Looks like my style of riding is murder on brakes


----------



## cburden (Sep 21, 2013)

I switched my stock sram code r brakes on my norco to shimano saints. so much more power and control. I ride log roads to the steep stuff


----------



## rockcrusher (Aug 28, 2003)

33red said:


> My EHaibike has 2,828 kms. Being a light rider who does not focus on speed what might be their life expanctancy?
> I want modulation what should i buy?
> Magura MT4 is what specs says
> I like what is on.
> ...


Organic pads will have more modulation and but last less time and be less good for long blistering descents or potentially high speed stopping. Sintered or metallic pads will have better resistance to long applications, heat fading, and will last longer but will have less initial bite, requiring heat to become more grippy, but will also be more grippy once heated.

Heavier riders tend to prefer the sintered as they last longer for the riders mass. Often you can mix and match as well with one pad in each caliper being a sintered and the other an organic. The pad your bike takes is quite reasonably priced so I wouldn't worry too much., (chain reaction has them: https://www.chainreactioncycles.com...LCaLr8LMcx8ZtOkDKrgSF0AYSJrslWnMaAvPTEALw_wcB - $5.39USD)
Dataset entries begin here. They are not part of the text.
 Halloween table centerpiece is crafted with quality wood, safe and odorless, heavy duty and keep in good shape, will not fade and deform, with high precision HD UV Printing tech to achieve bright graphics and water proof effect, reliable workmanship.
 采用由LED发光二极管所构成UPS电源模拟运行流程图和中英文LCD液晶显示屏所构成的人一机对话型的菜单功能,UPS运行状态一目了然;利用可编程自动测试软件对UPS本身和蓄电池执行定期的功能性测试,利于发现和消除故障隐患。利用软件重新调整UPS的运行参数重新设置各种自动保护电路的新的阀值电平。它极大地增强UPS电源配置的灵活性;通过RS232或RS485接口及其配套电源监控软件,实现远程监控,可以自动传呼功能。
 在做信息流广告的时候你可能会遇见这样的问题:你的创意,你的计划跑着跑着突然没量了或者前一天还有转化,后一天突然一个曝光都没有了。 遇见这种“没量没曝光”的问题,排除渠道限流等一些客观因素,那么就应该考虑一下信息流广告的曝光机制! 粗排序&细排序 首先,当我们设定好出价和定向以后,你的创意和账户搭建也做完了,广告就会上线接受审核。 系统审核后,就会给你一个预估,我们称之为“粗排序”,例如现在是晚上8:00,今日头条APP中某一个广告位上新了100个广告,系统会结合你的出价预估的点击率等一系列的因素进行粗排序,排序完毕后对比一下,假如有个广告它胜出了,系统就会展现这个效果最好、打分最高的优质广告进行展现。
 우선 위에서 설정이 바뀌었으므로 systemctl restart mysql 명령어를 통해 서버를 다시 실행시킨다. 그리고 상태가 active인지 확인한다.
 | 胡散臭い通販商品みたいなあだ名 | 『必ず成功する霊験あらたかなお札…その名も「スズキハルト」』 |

I have found that the sintered work less well on wet rotors as it takes longer to build the heat that they require but organic wear much quicker on the wet rotor as the wet is often paired with grime.


----------



## 33red (Jan 5, 2016)

rockcrusher thanks for the details.


----------



## honkinunit (Aug 6, 2004)

I also have Magura MT-4 on my Haibike and they are not good. The front has a 200mm rotor and it chatters when hot. I cleaned the rotor with alcohol with no improvement.

I found that Jenson USA has genuine Magura MT 7.4 "Performance" pads for $6 a pair. Dirt cheap. I ordered some and when they arrive, I'll see if they fix the issue. Magura has three levels of pads and I do not know what came stock on my bike, but if new pads don't fix the heat chatter, the brakes are going in the trash in favor of some Shimanos.
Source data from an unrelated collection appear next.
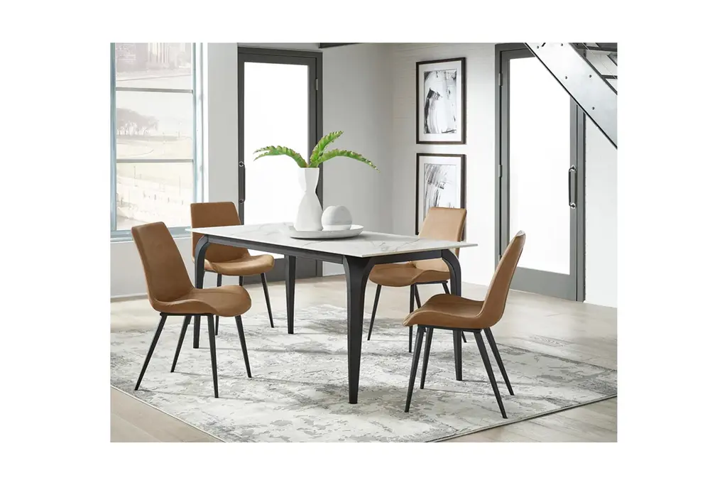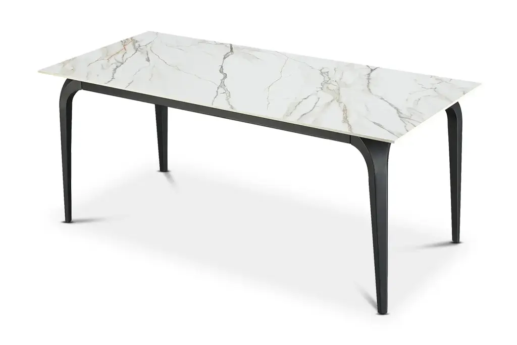 Crafted from sintered stone and tubular steel, the Ralston Dining Table boasts superior resistance to heat, abrasion, and stains, making it the ultimate choice for families or those who love to host. It sports arched, tapered metal legs with a powder-coated finish, elevating its sleek, modern design. The table has a spacious feel, comfortably sitting six people, and comes with your choice of a white or black rectangular tabletop.
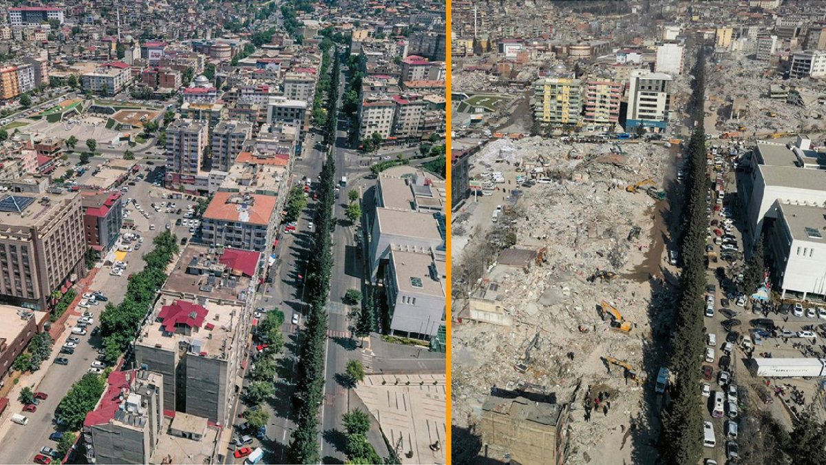 Ekibin deprem öncesi ve sonrasında aynı yerden çektikleri görseller, "asrın felaketi"nin kentte yarattığı yıkımı gözler önüne seriyor.
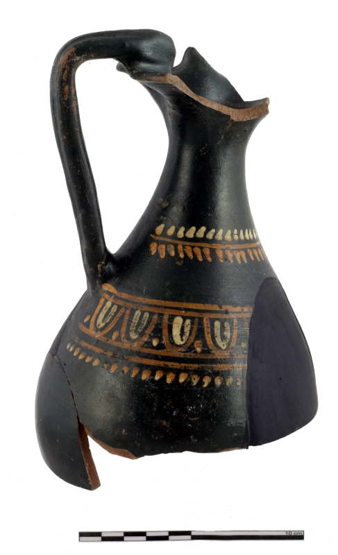 Bocca trilobata, ansa verticale a nastro modanato. Sul collo ramo con foglie orizzontale; sulla spalla serie di ovoli delimitati in basso da serie di trattini verticali. argilla 5 YR 7/6 (reddish yellow); vernice nera coprente e omogenea; sovradipinture bianche e arancio
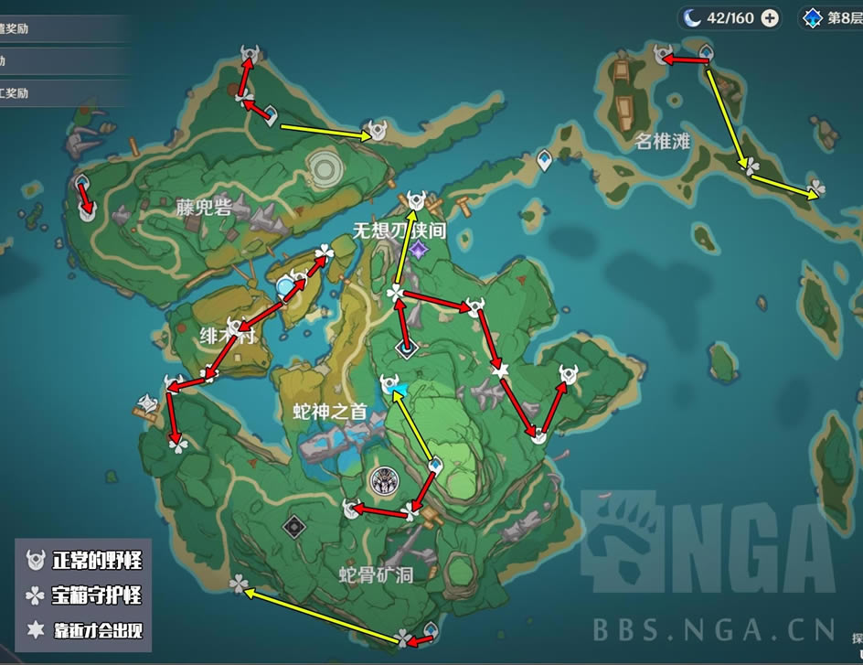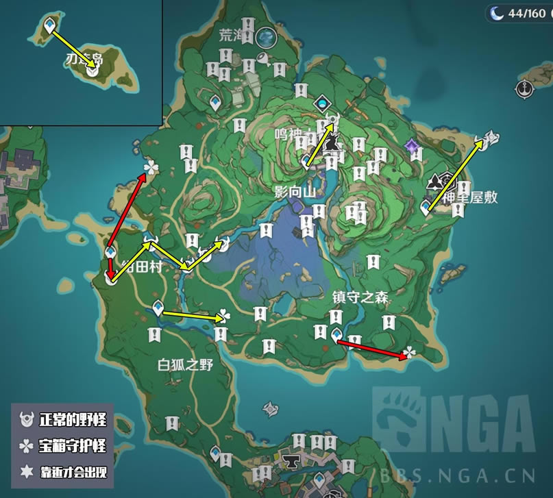 《原神》是由上海米哈游网络科技股份有限公司制作发行的一款开放世界冒险游戏,于2017年1月底立项,原初测试于2019年6月21日开启,再临测试于2020年3月19日开启,启程测试于2020年6月11日开启,PC版技术性开放测试于9月15日开启,公测于2020年9月28日开启。 原神刀镡是游戏中升级突破的关键材料,刀镡可以击杀野伏众来获取,下面给大家分享一个原神2.0稻妻地图野伏众刷怪路线 说明: 1.所有的怪物点都是我自己探索后标注的,点位会有遗漏。 2.标注的怪分三种,其中第二种宝箱守护怪,猜测有些可能打完以后不再刷新,但现在无法判断。如果在当前点位找不到怪的话去下个点就可以了。 3.脑测神里满级满天赋+雾切满级的所需刀镡可能需要锄3遍以上,这掉率就离谱 红线为比较高效率的路线,黄线为比较低效的路线。 推荐有朋友的话可以互相刷红色线路。自闭玩家全刷就完了。 ? 八酝岛 ...

https://www.jensonusa.com/Magura-MT-74-Performance-Brake-Pads-Performance-Type-74

From the Magura website:

MAGURA DISC BRAKE PADS:

To be prepared for all riding conditions, you can choose between three different brake pads: "Performance", "Comfort" and "Race". Available for all MT brake models, these pads come with single linings or double linings for 4-piston callipers.

Comfort Pad:

"Comfort" brake pads are very interesting for riders who value the best possible modulation. Beginners especially will appreciate the good-natured braking behaviour and the long service life of these brake pads.

Performance Pad:

These pads are suitable for all riders who are looking for excellent performance and a high level of durability. Whether on extended tours or on long bike park days, the "Performance" brake pads will always stop you safely.

Race Pad:

These brake pads really bite! They're designed to deliver the best possible braking power - in all conditions - and are recommended for racing aficionados and performance-oriented riders who need short deceleration times at high speeds."


----------



## 33red (Jan 5, 2016)

honkinunit said:


> I also have Magura MT-4 on my Haibike and they are not good. The front has a 200mm rotor and it chatters when hot. I cleaned the rotor with alcohol with no improvement.
> 
> I found that Jenson USA has genuine Magura MT 7.4 "Performance" pads for $6 a pair. Dirt cheap. I ordered some and when they arrive, I'll see if they fix the issue. Magura has three levels of pads and I do not know what came stock on my bike, but if new pads don't fix the heat chatter, the brakes are going in the trash in favor of some Shimanos.
> 
> ...


Maybe something happened because mine have 0 problem over 2,800kms. I will order the comfort to be ready when time comes. Thanks and good luck.


----------



## mtbbiker (Apr 8, 2004)

I believe MT4 is Magura’s XC brakes. For these ebikes it might be better to upgrade the brakes to at least a 4 piston design. If you like Magura, I hear the MT5’s are super strong. Just a thought. 


Sent from my iPhone using Tapatalk


----------



## 33red (Jan 5, 2016)

At 130 pounds they can all stop me, i like the feel, they are doing their job.


----------